(Data extract)
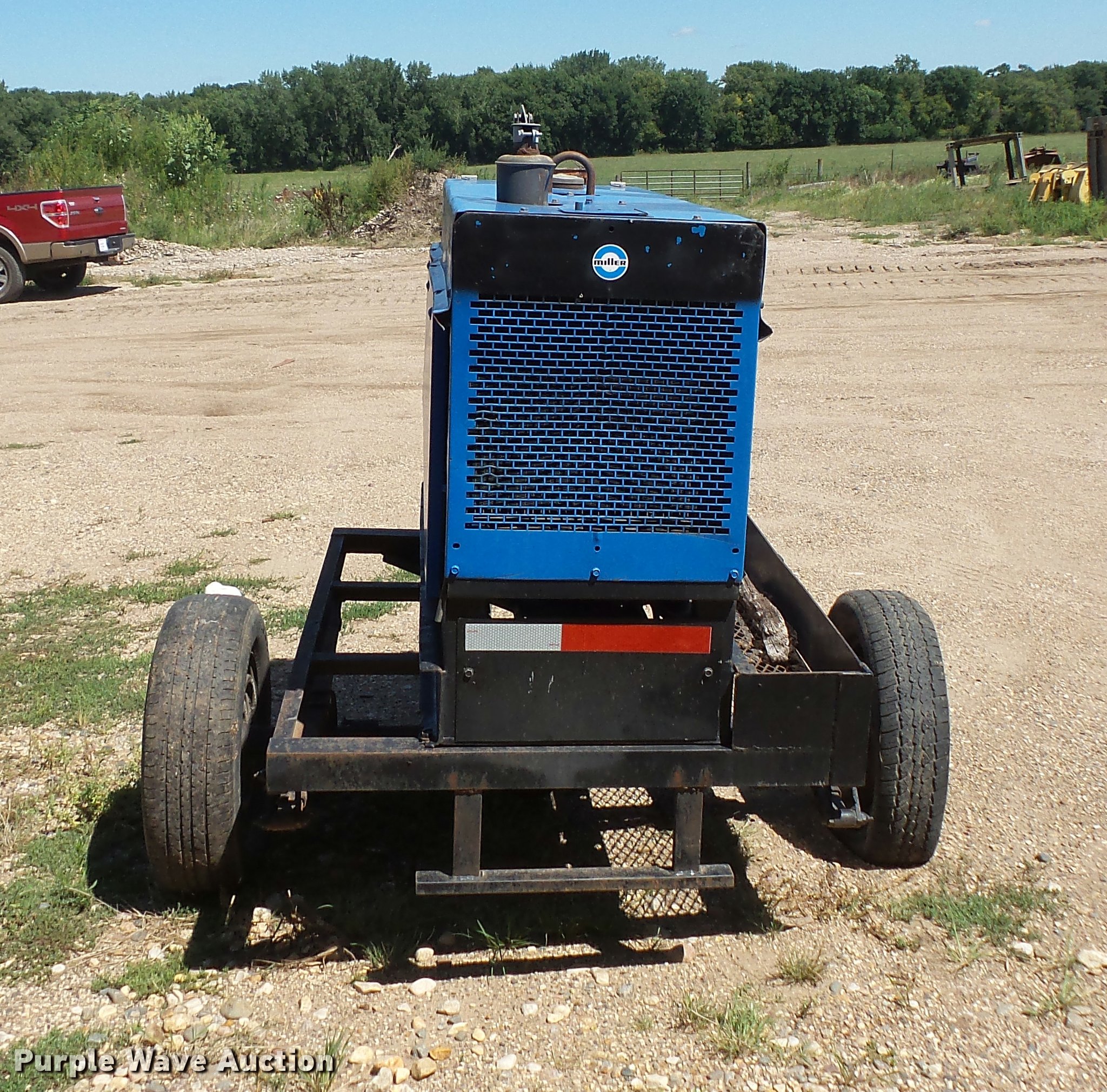 Purple Wave is selling a used Welder (Manual) in Iowa. This item is a Miller Big 50 welder/generator with the following: 5,765 hours on meter, Continental TMD270 four cylinder diesel engine, Serial 88117187, (4) 110V outlets, Lifting eye, Trailer, Jack stand, Pintle hitch, Single axle, Spring suspension, 205/70R15 tires, One tire off wheel, Serial JJ493092
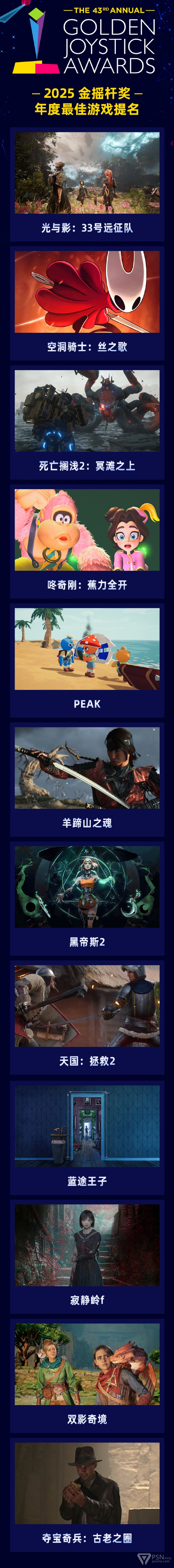 2025年金摇杆奖年度游戏大奖公布了12款提名游戏,11月8日之前玩家可以通过投票决出最后的胜者。这12款游戏如下:
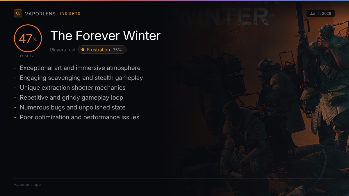 Players experience significant frustration due to persistent technical issues, including crashes, performance lag, and game-breaking bugs, even on high-end hardware. The gameplay mechanics are often described as clunky, poorly explained, or unfair, such as janky enemy behavior, unclear progression systems, and punishing progression loops that hinder enjoyment.
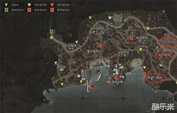 1、山谷地图的西边有前沿战地、港口以及雷达站,这些地方可以搜刮到一些重要物资。前沿阵地区域,能找到弹药箱、武器箱等,很小的概率也会翻到军用电台。而港口以及雷达站则能找到一些医疗资源、高级工具等,并且有钥匙房间,在里面也能找到一些贵重物品。
(End Data extract)
**Exercise prompt**
Leave the pictures out and output exactly the lines above, from the start of the listing through the line with "2025年金摇杆奖年度游戏大".

**Task result**
 Purple Wave is selling a used Welder (Manual) in Iowa. This item is a Miller Big 50 welder/generator with the following: 5,765 hours on meter, Continental TMD270 four cylinder diesel engine, Serial 88117187, (4) 110V outlets, Lifting eye, Trailer, Jack stand, Pintle hitch, Single axle, Spring suspension, 205/70R15 tires, One tire off wheel, Serial JJ493092
 2025年金摇杆奖年度游戏大奖公布了12款提名游戏,11月8日之前玩家可以通过投票决出最后的胜者。这12款游戏如下:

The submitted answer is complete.